Anche noi figli siamo umani, fallibili ed imperfetti e spesso quando parliamo con rabbia di questi nostri avi, ce ne dimentichiamo, restando nell’infantilismo più dannoso per noi e per gli altri.
Ora i figli che – tutti – siamo stati e che tanto oggi si lamentano, potrebbero decidere di crescere e comportarsi da adulti, imparando da tali “errori”.
Potrebbero. Ma …
Cosa lasciamo e cosa teniamo se decidiamo di crescere?
Cosa ci stiamo guadagnando a restare in questa condizione così “densa”?

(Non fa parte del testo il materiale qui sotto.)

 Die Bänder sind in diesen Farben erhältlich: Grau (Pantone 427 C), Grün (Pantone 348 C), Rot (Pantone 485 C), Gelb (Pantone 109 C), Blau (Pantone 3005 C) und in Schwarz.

Crescere implica una scelta chiara e responsabile, con tanto di ringraziamento cosciente e di cuore, a chi li ha commessi prima di noi questi errori e…

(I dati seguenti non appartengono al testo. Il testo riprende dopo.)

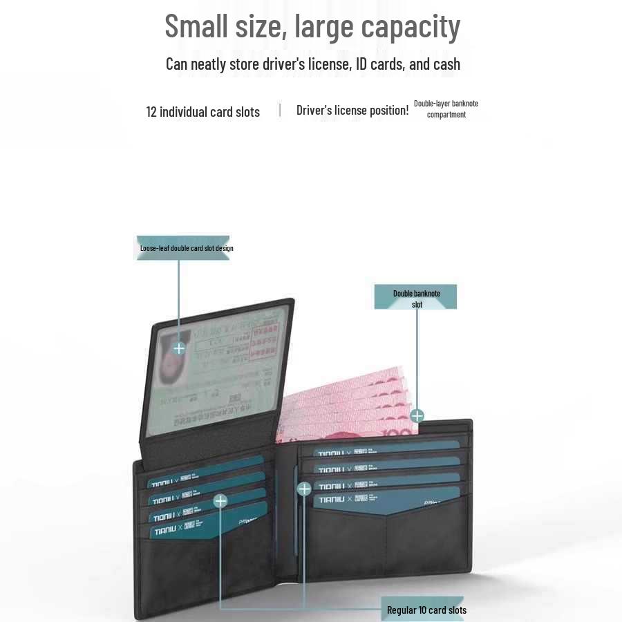 Натуральная кожа мужской кошелек: Противоугонный, Антимагнитный, Большая вместимость, с держателем для водительского удостоверения и карт.
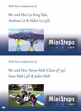 With the Compliments of: Mr. and Mrs. Lo King Wai, Andreas Lo & Alden Lo (4S) With the Compliments of: Mr. and Mrs. Henry Mak (Class of '93), Isaac Mak (4S) & Jaden Mak 336
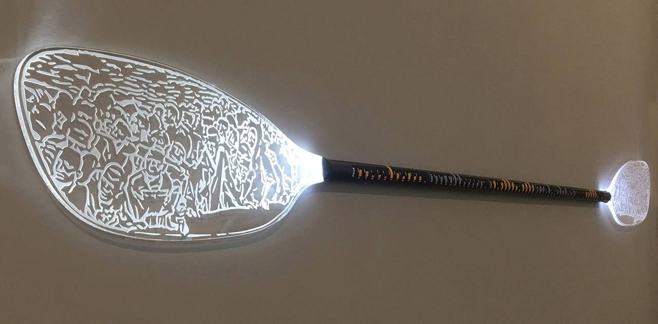 העבודה ״משוט״ נוצרה בעבור התערוכה ״אוביקט מעבר״. ראיתי חיבור חזק בין מה שהמשוט מסמל בעבורי לבין מה שהמשוט משמש בעבור הפליטים: אוביקט שמעביר ממקום למקום. על כנפי המשוט השקופות, סמל לשקיפותם של הפליטים, צרוב צילום עיתונות של פליטים המצטופפים על סירת גומי. על גוף המשוט מופיעים הנתונים של מספר הפליטים שטבעו בים בכל חודש בחמש השנים האחרונות.
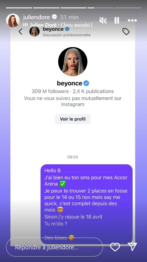 Evidemment, il y a peu de chances que Beyoncé finisse par répondre au message de Julien Doré, mais sait-on jamais ! C'est surtout une manière très subtile et assez drôle d'informer ses followers sur le fait que des dates ont été rajoutées à la fin de la tournée du chanteur, notamment, en effet, un concert supplémentaire à Bercy le 18 avril 2026. Si vous voulez la liste des dates de la tournée de notre Juju Doré, c'est par ici que ça se passe !
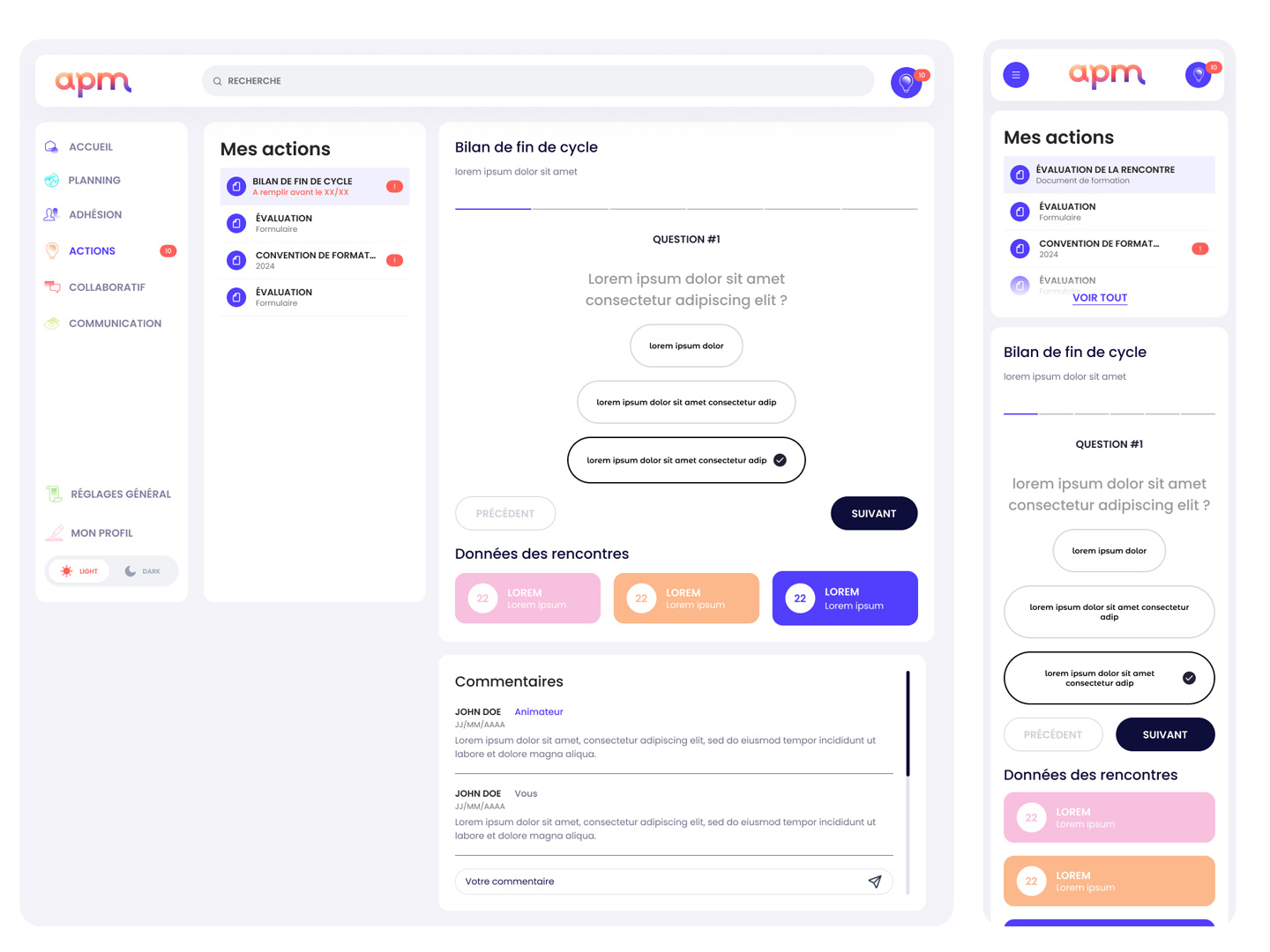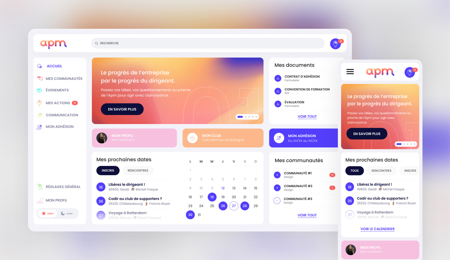 L'APM opère une plateforme B2B nationale connectant un large réseau de dirigeants et d'experts. Le produit devait supporter des workflows opérationnels complexes, de multiples rôles utilisateurs et des volumes massifs de données structurées, avec un niveau d'exigence comparable aux plateformes de ConstructionTech.

Anzichè assumerci con rabbia, odio, tristezza, rancore, paura e chissà che altro! il carico, addirittura modificando la nostra postura e ammalandoci.
Anzichè portarne avanti inconsapevolemente – fedelmente al sistema – il ricordo comportandoci in modo identico, oppure per contrasto – e quindi mai liberamente ancora una volta – in modo sempre opposto…
possiamo scegliere di svestire i panni da vittima!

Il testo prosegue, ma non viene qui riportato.